*Exercise:* Please repeat only the lines below starting at the line that holds "Das Pantheon sehen" and ending at the line that holds "Buy 20pcs Candy", exactly, with both of those lines included and every picture omitted.
[Opening Data under study section]
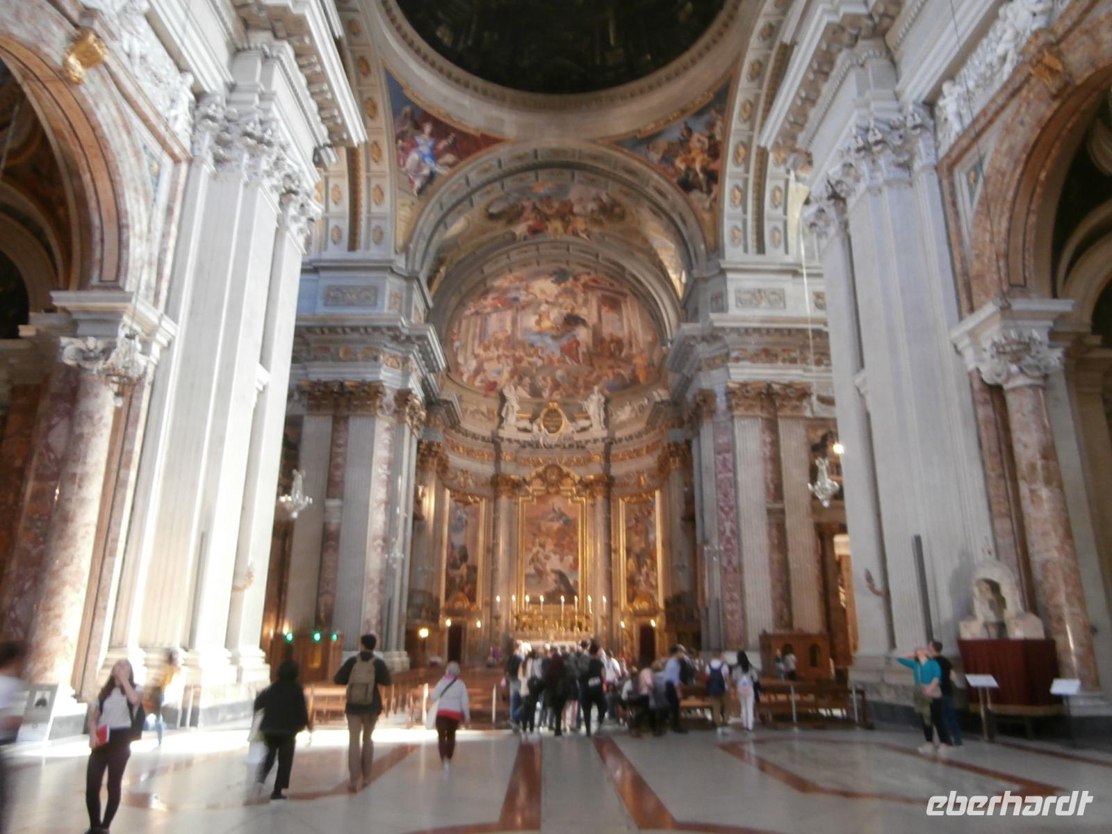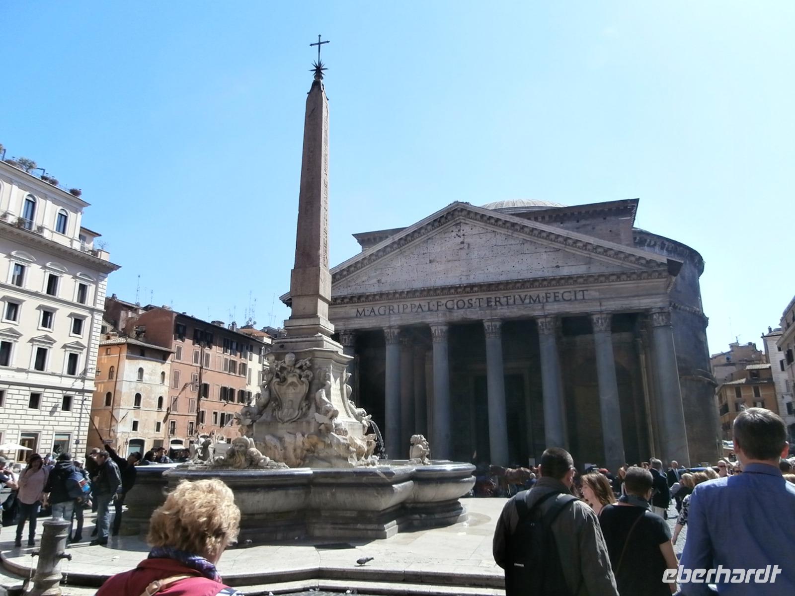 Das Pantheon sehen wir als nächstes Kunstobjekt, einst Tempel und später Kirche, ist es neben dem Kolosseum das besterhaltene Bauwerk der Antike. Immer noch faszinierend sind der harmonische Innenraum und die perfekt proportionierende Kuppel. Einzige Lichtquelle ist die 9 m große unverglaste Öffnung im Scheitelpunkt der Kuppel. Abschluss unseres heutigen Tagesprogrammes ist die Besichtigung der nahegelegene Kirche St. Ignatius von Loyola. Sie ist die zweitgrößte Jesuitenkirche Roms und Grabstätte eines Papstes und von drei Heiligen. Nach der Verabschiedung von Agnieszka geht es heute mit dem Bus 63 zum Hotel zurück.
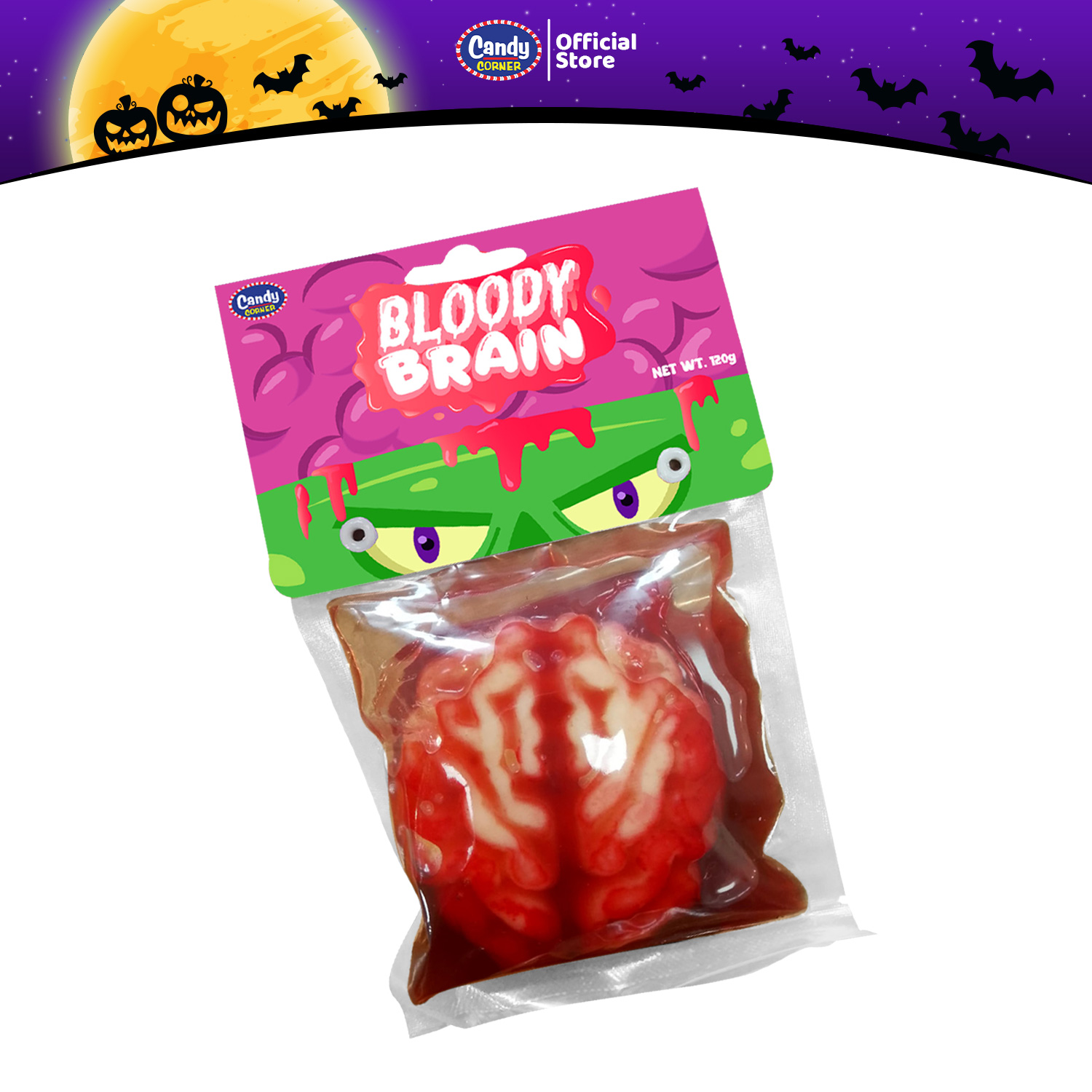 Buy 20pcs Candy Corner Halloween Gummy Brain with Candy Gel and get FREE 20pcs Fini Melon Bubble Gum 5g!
[Closing Data under study section]
[Opening Data under study section]
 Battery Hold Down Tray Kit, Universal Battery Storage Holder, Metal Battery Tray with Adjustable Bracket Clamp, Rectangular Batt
[Closing Data under study section]
*Result of this task:*
 Das Pantheon sehen wir als nächstes Kunstobjekt, einst Tempel und später Kirche, ist es neben dem Kolosseum das besterhaltene Bauwerk der Antike. Immer noch faszinierend sind der harmonische Innenraum und die perfekt proportionierende Kuppel. Einzige Lichtquelle ist die 9 m große unverglaste Öffnung im Scheitelpunkt der Kuppel. Abschluss unseres heutigen Tagesprogrammes ist die Besichtigung der nahegelegene Kirche St. Ignatius von Loyola. Sie ist die zweitgrößte Jesuitenkirche Roms und Grabstätte eines Papstes und von drei Heiligen. Nach der Verabschiedung von Agnieszka geht es heute mit dem Bus 63 zum Hotel zurück.
 Buy 20pcs Candy Corner Halloween Gummy Brain with Candy Gel and get FREE 20pcs Fini Melon Bubble Gum 5g!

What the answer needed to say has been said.